There is a set of pros as well as cons to friendship marriages (Photo: Getty Images)

Dr Nisha Khanna, meanwhile, adds that emotional and mental complexities may arise when one person desires a physical relationship, and the other does not. This imbalance can further lead to difficulties, such as the partner seeking fulfilment outside of marriage, introducing the risk of STIs.
“The future of such relationships, especially when children are involved, remains uncertain. Complex family dynamics can create challenges for children’s identity and understanding of their family structure,” Khanna adds.
However, there are a lot of benefits too, like emotional support, shared finances and chores—without compromising personal needs and freedom.
Experts say that while India remains deeply rooted in family values and the institution of traditional marriage is likely to endure, the trend of friendship marriages could still gain traction and emerge as a practical solution for many.
“In India, a lot of people now don’t want kids. The friendship marriage concept can help such people,” says Dr Khanna.
“Though we did not have a name for this arrangement, such marriages have already been present in India – especially among LGBTQ individuals, who marry for the sake of society and parental pressure. Those who are asexual or don’t want to be open about their homosexuality in society can get emotional support and companionship from friendship marriages,” says Dr Khanna.
However, it is important to be compatible in terms of emotional and physical needs.
“Friendship marriages can be a viable alternative to traditional relationships when both partners prioritise emotional connection and companionship. But they can be more challenging if either partner has higher physical needs,” adds Dr Khanna.
If this aspect is sorted, experts say a friendship marriage can be a “beautiful thing”.
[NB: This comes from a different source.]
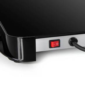 Contém pés antiderrapantes, superfície de vidro temperado com indicador luminoso em seu visor, que acende quando a mesa está em uso, proteção de sobreaquecimento por meio de fusível térmico e economizador de energia.

“Friendship-based marriages can provide valuable emotional support. This is particularly important for those who feel like social outcasts, such as members of the LGBTQ+ community. When partners provide mutual emotional support, it can be essentially good for their personal and professional growth,” says Dr Khanna.
The increasing focus on mental health can also lead to friendship marriages becoming a thing in India.
“As mental health awareness grows and people increasingly understand and seek alternative ways of pairing up, India could witness a gradual shift towards alternative marriage models. We have already seen a steady growth in people being more comfortable in their relationships, shedding the traditional norms. Friendship marriage is not a far-fetched idea, and many people are already marrying their friends due to emotional stability,” says Ruchi Ruuh.
In India, many couples marry with the intention of having children. However, for those who prefer not to take the parenthood route, these platonic marriages can be a good option.
“The saying ‘better the devil you know than the devil you don’t’ applies here. This is one reason why some people prefer to enter into a relationship with someone they already know and like, rather than with a stranger. Whether this choice is healthy or not depends on the personalities and dynamics of the two individuals involved,” says Dr Khanna.